The Fraud Examiner
Shining a Light on Shell Companies: How Countries are Changing Beneficial Ownership Requirements
Anti-Money Laundering Campaign Leader, Global Witness
You don’t have to go further than turning on your flat-screen TV to know that crime and corruption are constantly in the news and focal points for TV entertainment. However, what’s less understood by the general public, but well known to investigators,
is that the most mundane details of a case are often the most important ones.
One of these obscure elements is now in the spotlight: anonymous shell companies, and the role they play in enabling money laundering and illicit activities. Whether it’s the
Panama Papers leak in 2016, the massive
Brazilian Car Wash scandal, the
Russian laundromat, or a growing collection of news articles involving luxury real estate purchased by shadowy figures, the role that anonymous shell companies can play in nearly every crime that generates money is being revealed.
Shell companies provide anonymity in a few different ways. First, in most jurisdictions, a person forming a company is not required to disclose the fact that they own the company. The jurisdiction may require the name of an agent, the number of shares that make up the company or an address where they can process service
requests, but that is often the extent of the disclosure. As such, simply by omitting the name of the real owner, companies can be formed with no record of who truly controls and benefits from that company — that is, those individuals known as the beneficial owner or owners.

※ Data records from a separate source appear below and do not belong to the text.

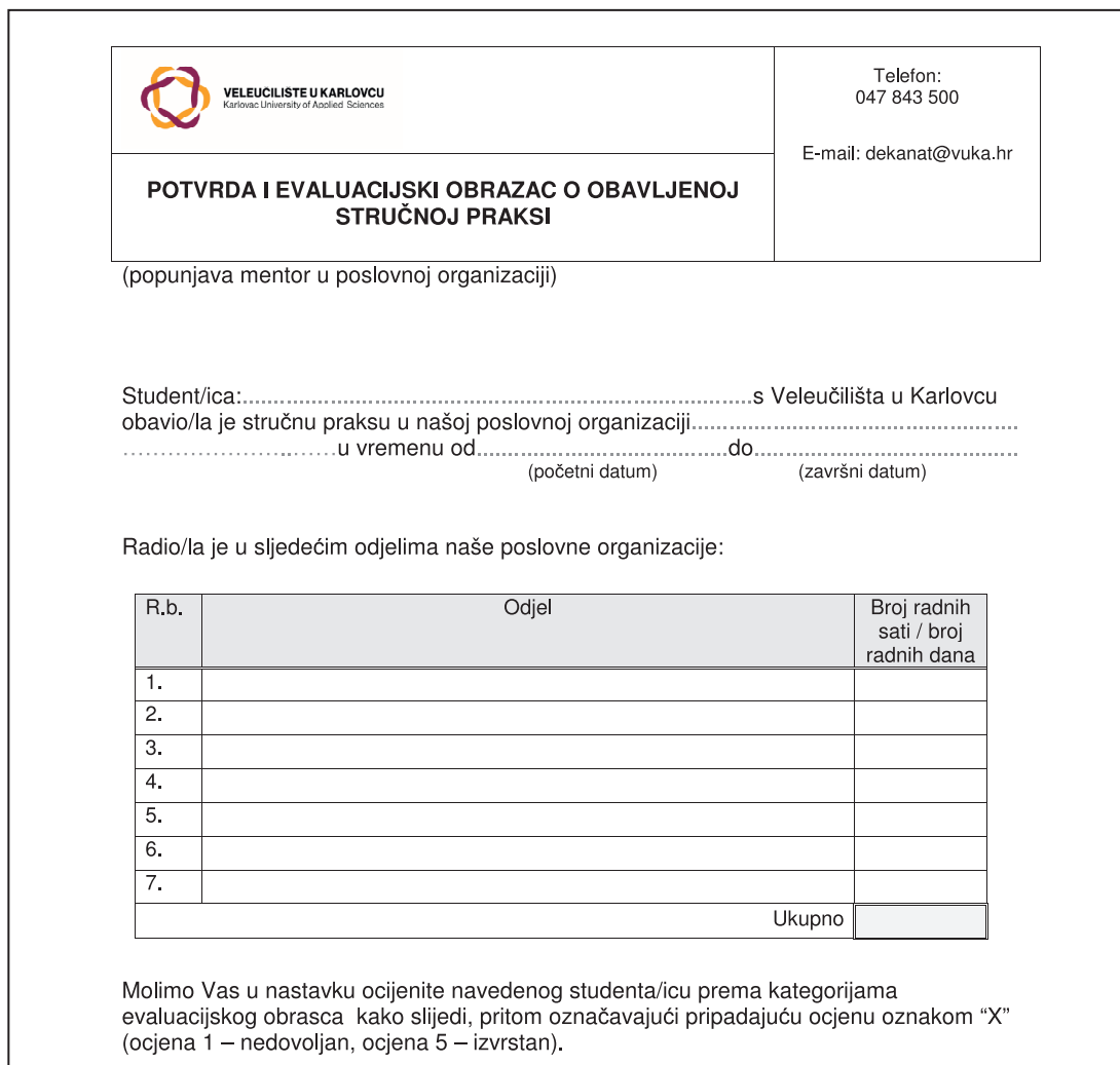
Slika 4: Potvrda o obavljenoj stručnoj praksi

Po obavljenoj stručnoj praksi mentor potpisuje Potvrdu o obavljanju stručne prakse i evaluacijski obrazac. Potvrdu o obavljenoj stručnoj praksi zajedno s Evaluacijskim obrascem o obavljenoj stručnoj praksi (ovjeren od strane mentora) student dostavlja voditelju stručne prakse. Na slici 4 prikazan je obrazac Potvrde o obavljenoj stručnoj praksi. Evaluacijski obrazac prikazan je ranije na slici 2.
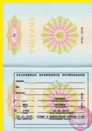
Разрешение на временное проживание в РФ
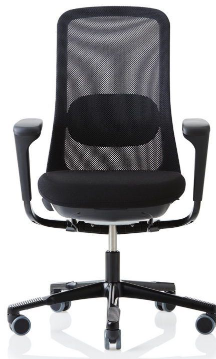
Design: Frost Produkt AS, Powerdesign og Scandinavian Business Seating Design Team Patent- og design beskyttet
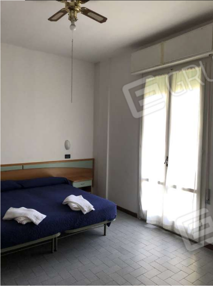
Foto 39- camera tipo
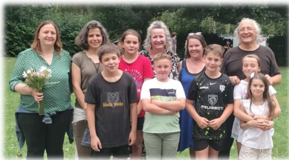
Photo d'adieu pour les CM2

Fin d'année scolaire, les deux écoles, la maternelle de Cassaigne et le primaire de Mouchan se sont retrouvés à l'école Pierre Gabriel. Petits et grands ont fêté leurs enseignants et les personnels qui interviennent dans les écoles.
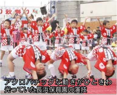
アクロバチックな動きがひとときを驚かせていた長浜保育園の演技
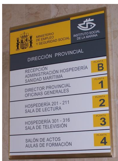
Cartel Anunciador de la distribución de las diferentes dependencias de la Dirección Provincial del ISM en Ceuta

Esta Dirección Provincial dispone de una hospedería con 27 habitaciones con baño (seis son habitaciones individuales y veintiuna son dobles, estando una de estas dobles adaptadas para minusválidos) y se distribuyen entre la segunda y tercera planta del edificio.
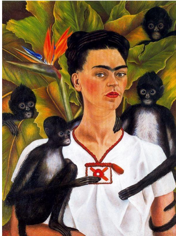
FRIDA Kahlo Méjico
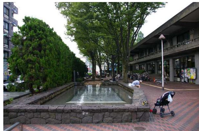
噴水とケヤキ並木
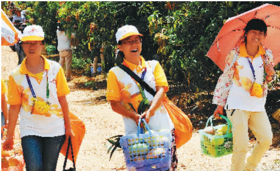
游客采摘芒果满载而归。

芒果是热带水果之王，又名“望果”，即取意“希望之果”。果实椭圆形，果皮呈柠檬黄色，味道甘醇，营养价值很高，维生素A含量高达3.8%，比杏子还要多出1倍。维生素C的含量也超过桔子、草莓。芒果含有糖、蛋白质及钙、磷、铁等营养成分，均为人体所必需。芒果除食用外，具有极大的药用价值，其果皮也可入药。

In other cases, where the names of a company employee or director are disclosed, bad actors can easily skirt or exploit this requirement by identifying a nominee director or manager — someone who purportedly has knowledge of or control of the company but in
reality knows very little or is paid to not know. Finally, certain jurisdictions allow individuals to set up companies and agree to keep that information secret and difficult to access.